Labor-oriented students at my college, many of whom grew up in the city, volunteered with United Farm Workers or contributed to food justice initiatives, like the Worker Justice Center of New York. Their alliances with farmworkers, however fleeting, echo the momentous coalition of farmers, students, and factory workers in the southwest of France in the 1980s, the Paysans-Travailleurs movement, whose dreams Ross believes the ZAD is fulfilling in the present. Then as now, battles over land tend to draw lines of solidarity differently than battles over abstract ideas.
To read The Commune Form, six years after hearing “The Seventh Wonder of the ZAD,” is to catch sight of the Hudson Valley as a fourth segment to Ross’s “tale of three airports.” Rural life here promises an escape from city living; but that promise hides the fact that it is city living.
Any movement to protect shared life in the region, therefore, will not be defined by ideological doctrines but by common enemies: major agribusiness, mega-developers, land and housing speculators.

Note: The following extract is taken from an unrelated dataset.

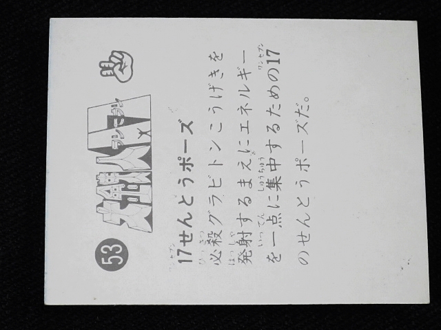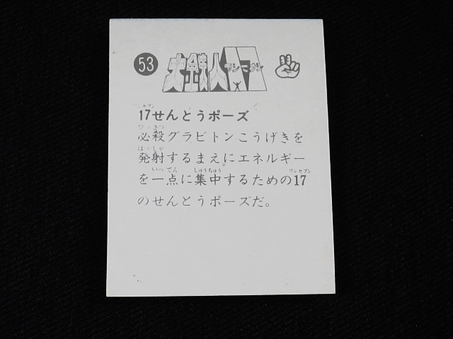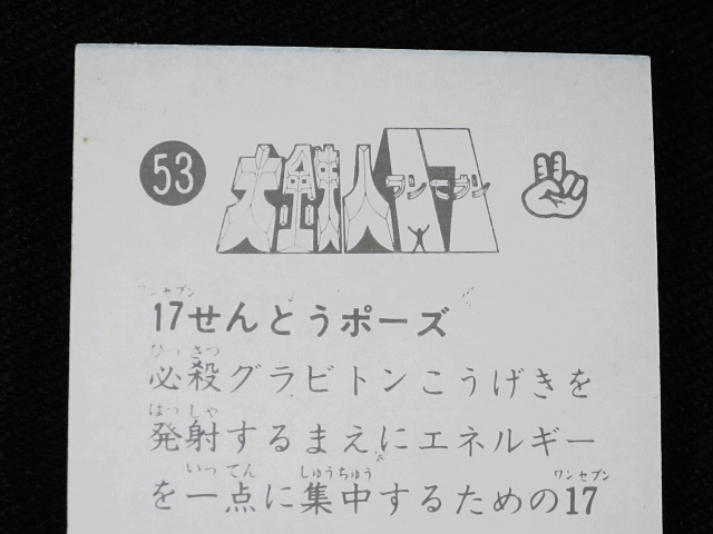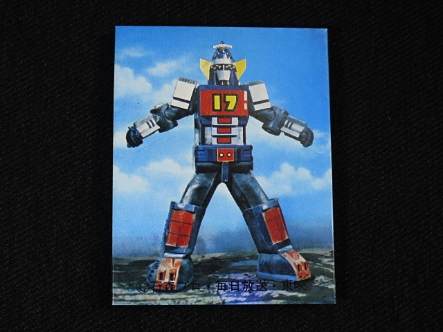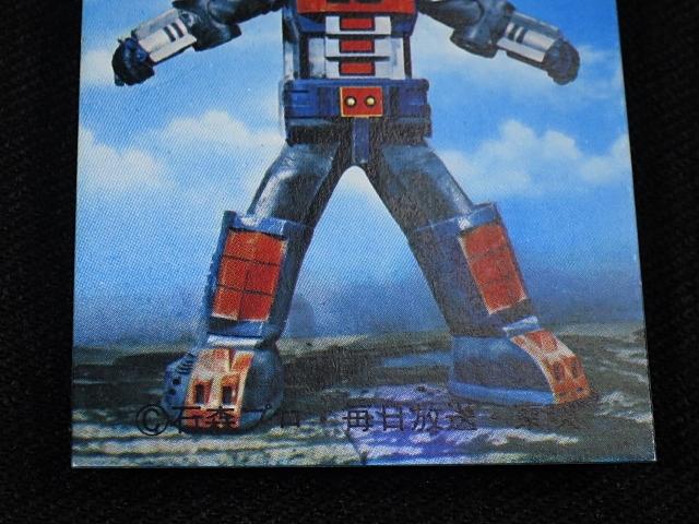 大鉄人 ミニカード バラ売り 1枚 1970年代 ・メーカー:天田 ・サイズ: 6.6 cm x 5.1 cm (裁断により若干誤差有り) ・発売時:1976年頃、当時の放送時に販売 ・構成:全60種シリーズ(1-60番.AL3種) ・発送:〒・各規格のサイズ内、重量内での同梱可能です。 〓参考項目〓 ・原作石森章太郎 ・脚本 伊上勝、上原正三、江連卓、熊谷節、安斉あゆ子 ・監督山田稔、若林幹、内田一作 ・放送局:TBS系列 ・放送期間:1977年3月18日-11月11日 ・全35話 ※出演者 ・南三郎 -神谷政浩 ・佐原千恵 -竹井みどり ・佐原博士 -中丸忠雄 ・剣持隊長 -原口剛 ・村中隊員 - 三井俊吾 ・海野隊員 - 菅野直之 ・小野隊員 - 大槻純子 ・岩山鉄五郎 -高品正広 ・岩山鉄次 -高橋仁 ・岩山エミ - 渡辺麻由美 ・佐原ルミ -島田歌穂 ・キャプテンゴメス -平田昭彦 ・ブラックタイガー -山本麟一 ・チーフキッド -山口あきら ・ハスラー教授 -大月ウルフ ・ピンクジャガー -三東ルシア ・ブルージャガー -太田美緒 ・ブレイン、ビッグエンゼル(声) -水島弘 ・ロボター(声) - 村松美枝子 ・ナレーター、ワンセブン(声) -小林恭治 | ||

As such, it will require an alliance of different social classes that might seem impossible to unify. And yet, such an alliance can coalesce, because, as in Notre-Dame-des-Landes, something tangible is at stake.
Afficionados of Ross’s work will recognize arguments in The Commune Form that have come before. In fact, it’s hard to avoid the impression that the book should be read as a manifesto. It compresses a lifetime of work on agrarian radicalism, everyday life, and revolutionary culture stretching back to the ’80s.
Consider the book’s insistence that, for revolutions to happen, they must unfold at a scale people can actually experience. Look at the ’60s, whether the ZAD occupiers in Nantes or the Black Panther Party in Oakland, Ross says, and pay attention to the provisioning of real needs: food and drink, pleasure and leisure, education and art. By situating the management of daily needs at the center of political struggle, these ’60s radicals “were making revolution on a scale that people could recognize.”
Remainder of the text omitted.